Unlike condo owners, people who rent have no compunction about simply leaving when the product turns out to be sub-par, and also unlike condo owners, they have no incentive to keep their experience a secret. If the Wyatt develops a poor reputation among renters, that will impact its potential as a condo re-conversion sometime in the future.
I was driving over the Fremont bridge on Saturday and saw all of those cranes in the Pearl district. All those new condos under construction to add to an already glutted market. It’s a disaster in the making…
And then there’s the South Waterfront disaster…
BTW: WaMu under investigation now for improperly pressuring appraisers. The confluence of events right now isn’t looking good for WaMu.
Couldn’t happen to a more deserving city.
Fortune just released the “25 real estate market poised to fall.” Portland is #23 and home prices are predicted to fall by 19% over the next 5 years. The prediction is based on price/rent ratios, which is the same thing I used for my guesstimate of a 20% drop (it’s nice to have Fortune double-check your math for you 🙂 )
Fortune Article(link fixed by editor).
Leo: What about median price to median houshold income ratios? With tightening lending standards that ratio will be forced to go down closer to 4:1 or perhaps even less. price/rent is an important factor as well.
Over five years I’m guessing it’ll be closer to a 25% to 30% drop (in inflation-adjusted terms)…. unless the economy really tanks hard as a result of all this, in which case all bets are off.
I agree with TiP. We should see a correction greater than 20% as tighter lending standards push the cost of ownership higher vs renting. Also, expect the market to overreact to the contraction just as they did to the expansion.
As for the condos- That’s interesting insight about building a bad reputation at the Wyatt, Leo. However, for conversions in general, I think that the right apartments can be successfully converted (in the right market) without backlash. The Lexis, coincidentally across the street from the Wyatt, was converted and only sells for slightly less than average psf because the finishes aren’t quite as nice as the real condos.
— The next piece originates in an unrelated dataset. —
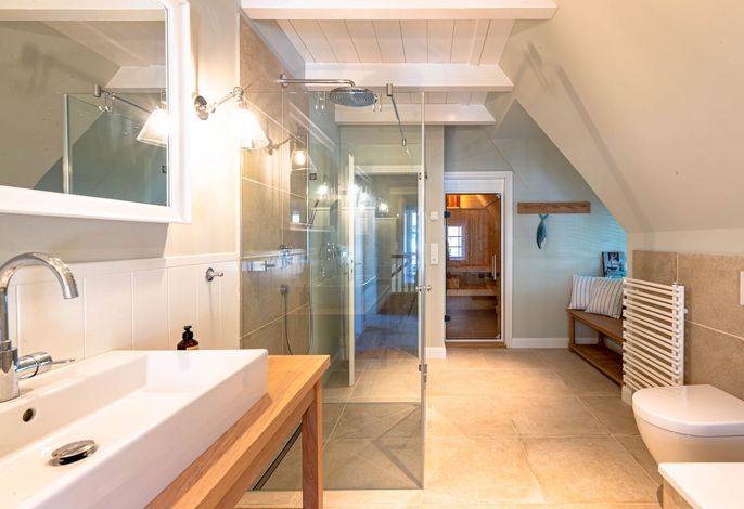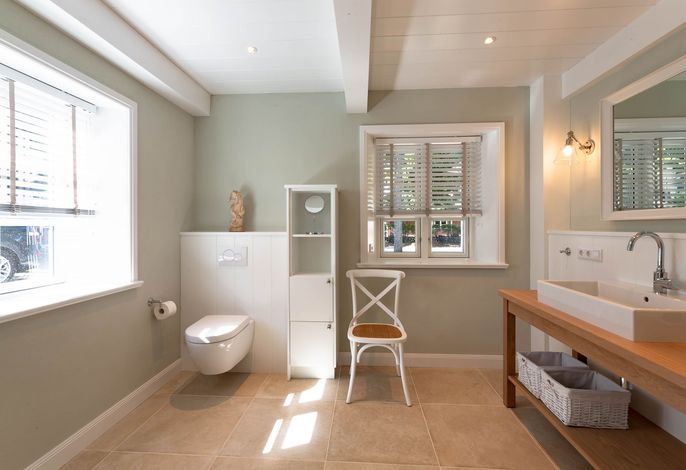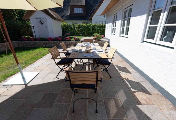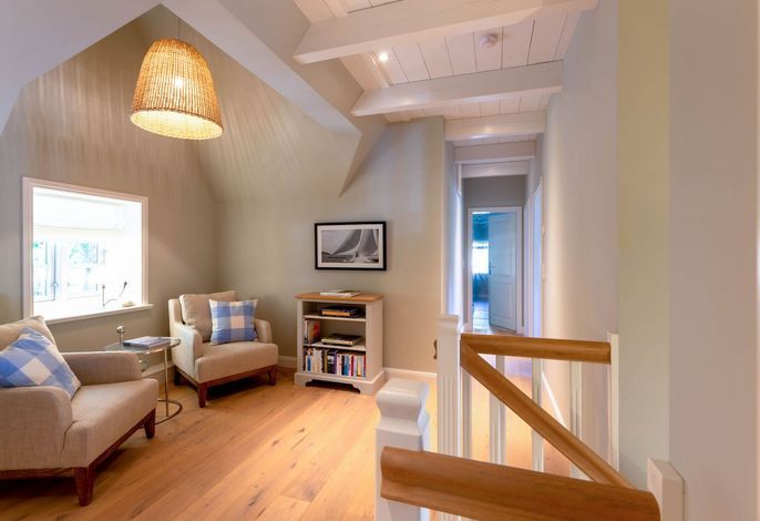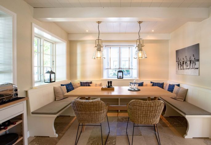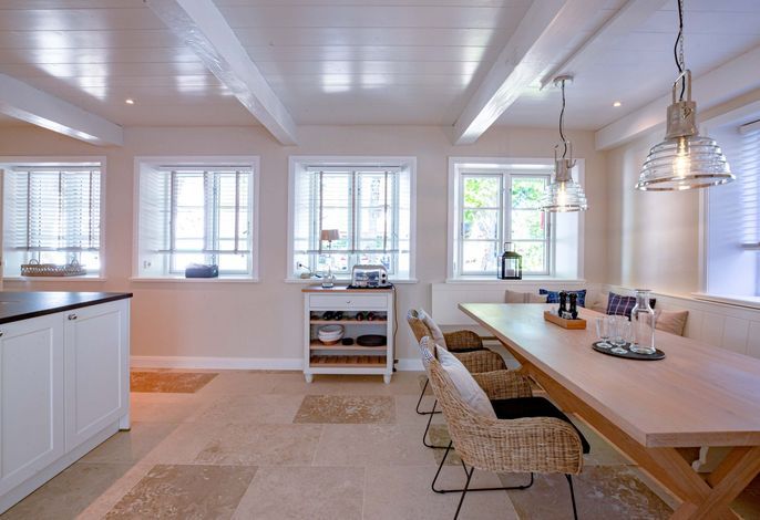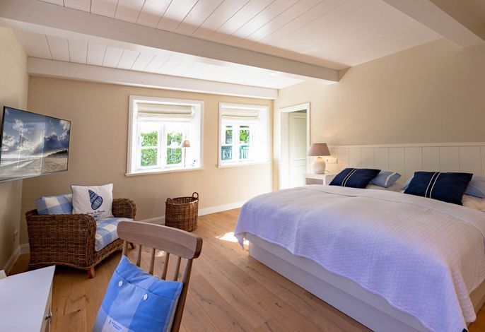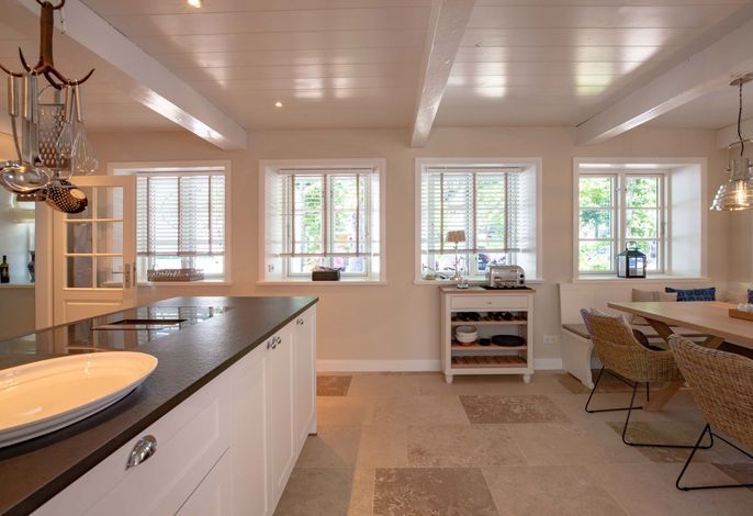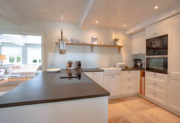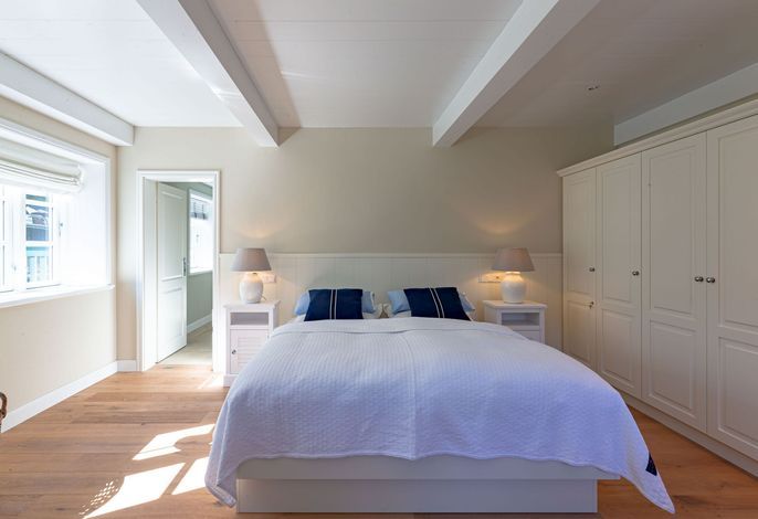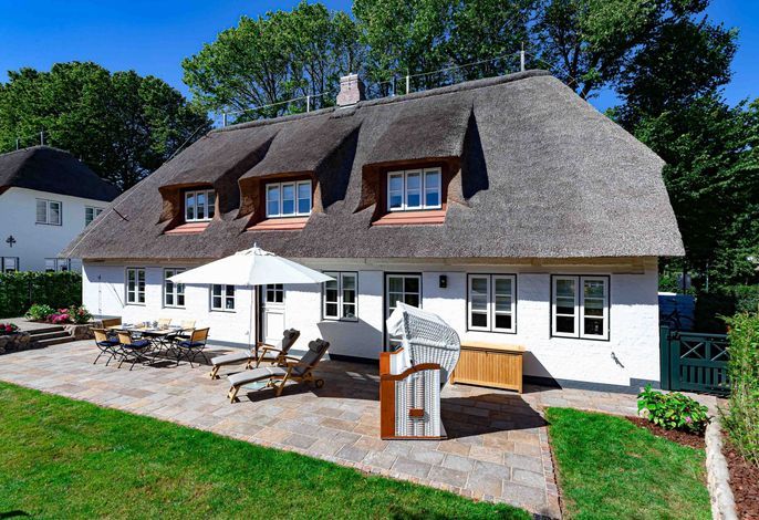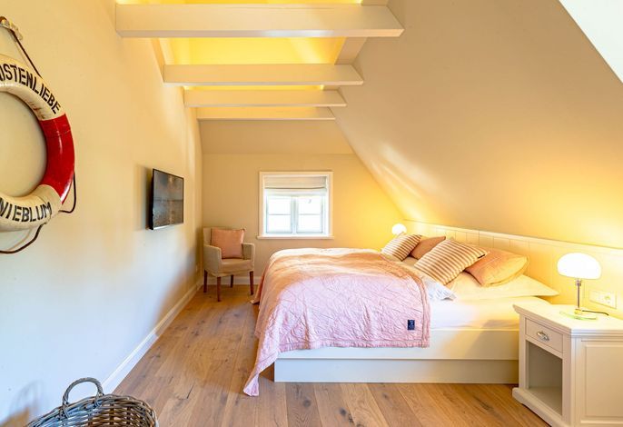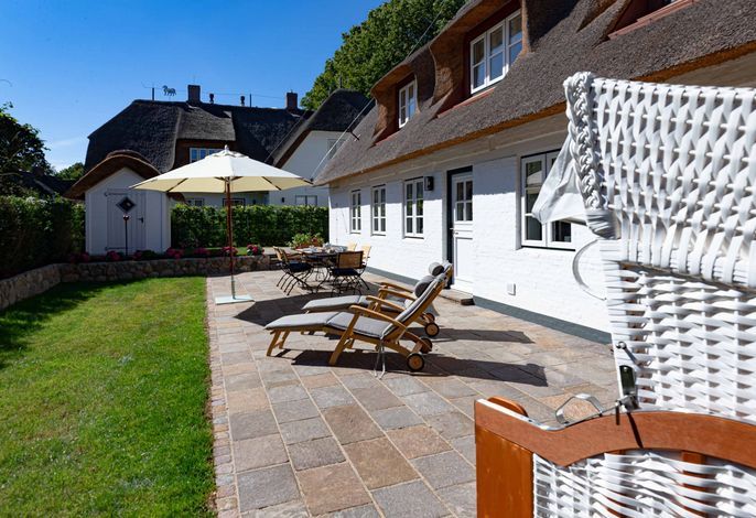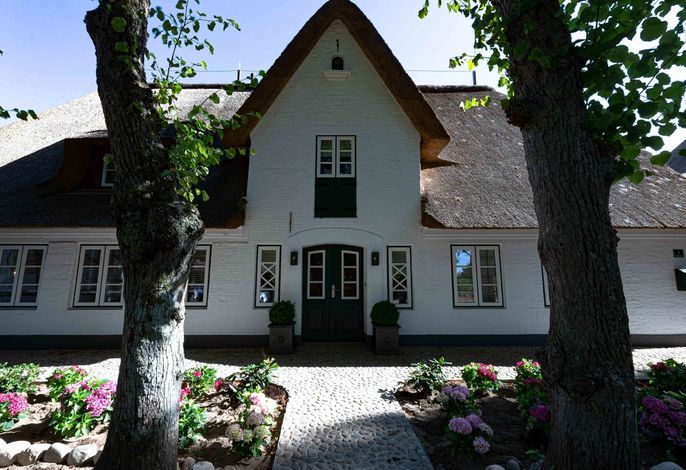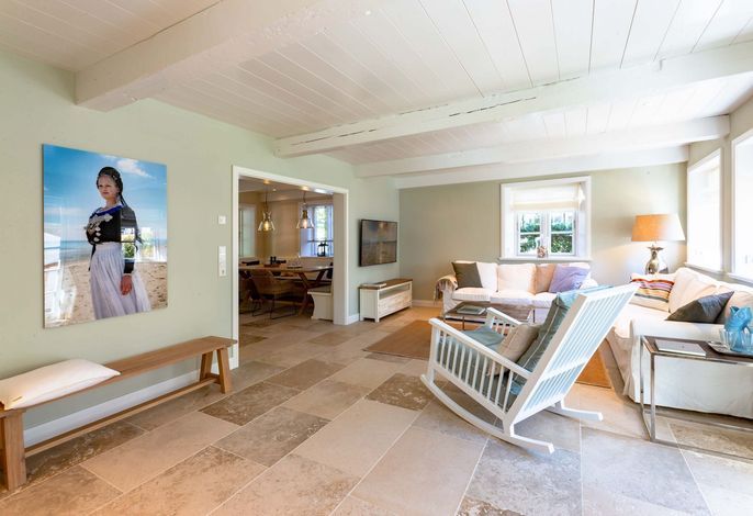Die „Küstenliebe Nieblum“ befindet sich im Dorfkern von Nieblum, dem wohl schönsten Dorf der Insel. Das denkmalgeschützte, 200qm große Kapitänshaus von 1799 wurde mit viel Sorgfalt und Liebe hochwertig renoviert und stilvoll eingerichtet. Im Haus finden 6 Personen Platz. Ein Schlafzimmer befindet sich im Erdgeschoss, zwei weitere im Obergeschoss. Jedes Schlafzimmer verfügt über ein eigenes Bad. Ein separates Gäste-WC befindet sich zusätzlich im Erdgeschoss. Die offene Küche bietet einen exklusiven Herd und eine hochwertige Küchenausstattung. An der straßenabgewandten Südseite des Hauses liegt der schöne, umschlossene Garten mit Friesenwall. Der historische Kachelofen von 1840, aber auch die Natursteinböden, die großzügige Diele mit separatem Garderobenraum und die offene Balkendecke im oberen Schlafzimmer geben der „Küstenliebe Nieblum“ besonderen Charme. Der idyllische Friesenort Nieblum ist geprägt von Bauerngärten, verwinkelten Gassen und Friesenhäusern und wurde bereits als schönstes Dorf Deutschlands ausgezeichnet. Bäckerei, Fisch- und Feinkostgeschäft, Fahrradverleih, Restaurants und mehr befinden sich in fußläufiger Nähe. Der Strand ist 1200 m entfernt. Wer das Besondere sucht und sieht, ist in der „Küstenliebe Nieblum“ richtig

The key is they aren’t cookie cutter dumpy apartments, you really feel like you are in a condo and not a section 8 with aluminum carports that just got granite countertops.
Actually, I thought units in the Lexis were selling for significantly less than other condos. It’s not concrete and steel construction, and I’ve heard from former renters in that building that the noise insulation is quite poor. It’s more than just a difference in fancy countertops and kitchen cabinets …
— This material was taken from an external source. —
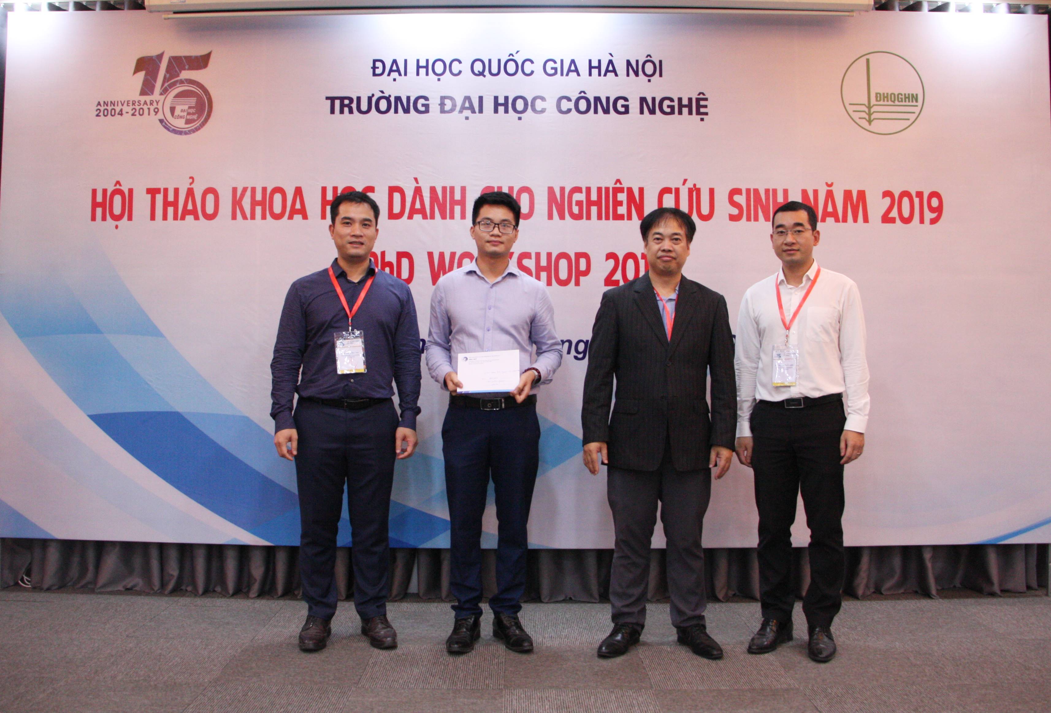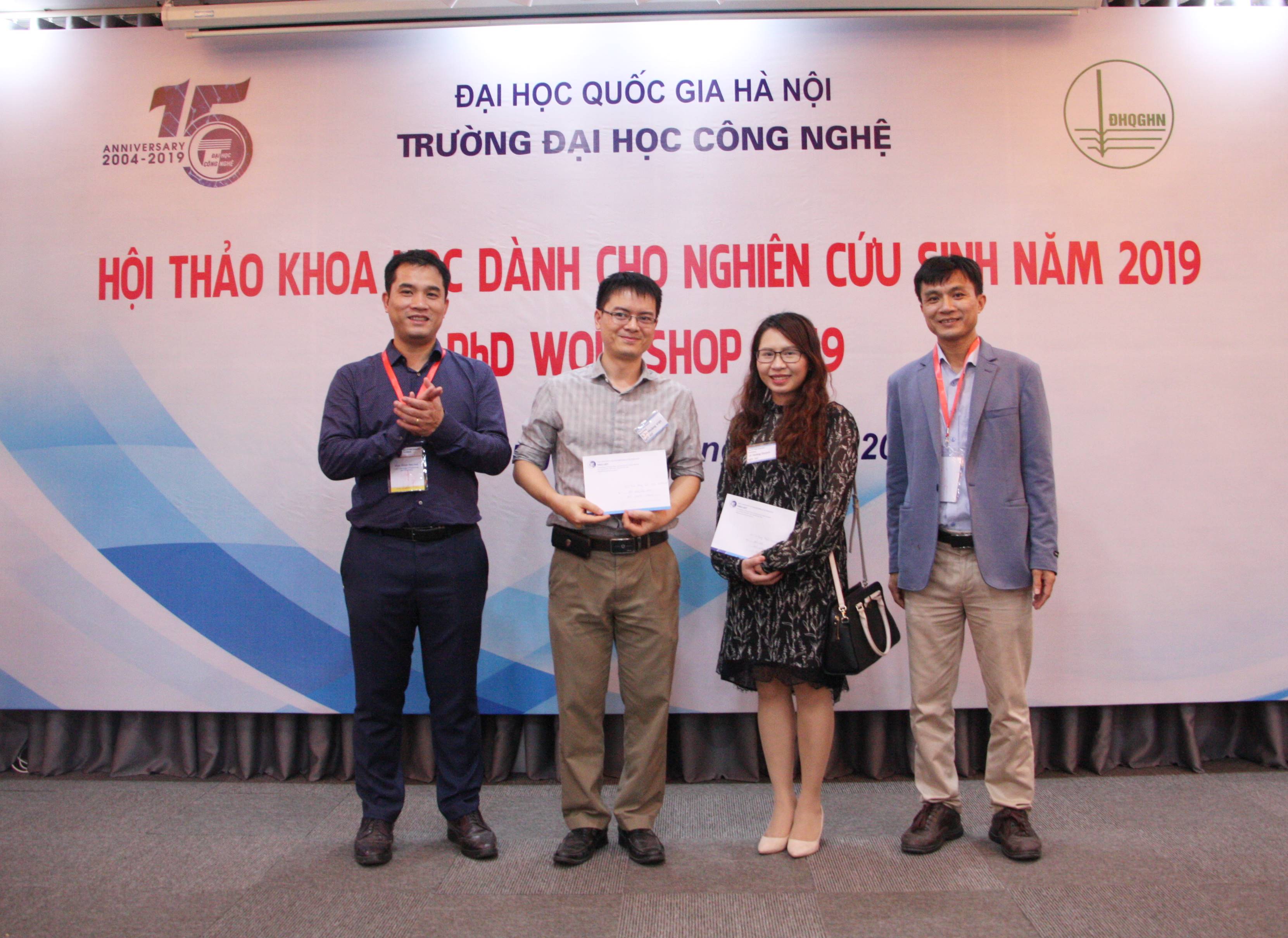 Kết thúc, hội thảo đã chọn ra 04 đề tài xuất sắc để trao thưởng, cụ thể khoa CNTT có các poster của NCS Lê Hoàng Quỳnh với đề tài “A richer – but – smarter  shortest dependency path with attentive augmentation for ralation extraction” và NCS Trần Hoàng Việt với đề tài “On locally minimum and strongest assumption generation method for component-based software verification”;khoa ĐTVT có poster của NCS Phí Công Huy với đề tài “A low complexity Wyner-Ziv coding based light field image compression”; khoa VLKT&CNNN có poster của NCS Nguyễn Thị Khánh Vân với đề tài “Effect of annealing temperature on the microstructure of TiO2 nanoparticles prepared by electrochemical method”; khoa CHKT&TĐH cóposter của NCS Phạm Đình Nguyện với đề tài “An analytical approach on nonlinear mechanical and thermal post-bukling of nanocomposite double-curved shallow shells reinforced by carbon nanotubes”.

You’re probably right about overcorrecting prices. The price/rent ratio is just a nice, stable number that already has all other kinds of factors built into it, so that long-term, I always expect to return to that number (the equilibrium). More likely than not, prices will overshoot before they stabilize at the historical equilibrium.
I guess I was just kind of surprised that my anecdotal dataset for price/rent gave the same number as the Fortune study, which probably used a much more rigorous dateset.
One thing I noticed when looking at condo websites with floor plans is the % of “one bedroom” units where the sleeping area is actually an alcove. I wouldn’t want to live like that. If you were going to buy a condo wouldn’t you want a REAL bedroom??
Talk about white elephants!!
I wonder what % of the down town condo housing stock is studio/sleeping alcove?
Another observation: The report linked above contains an interesting discussion about downtown resident parking availability. I have an issue with the economic assumptions there, such as the statement that a parking spot adds $50,000 to the value of a condo and that residents would exercise an option to rent at $165/mo. OUCH!!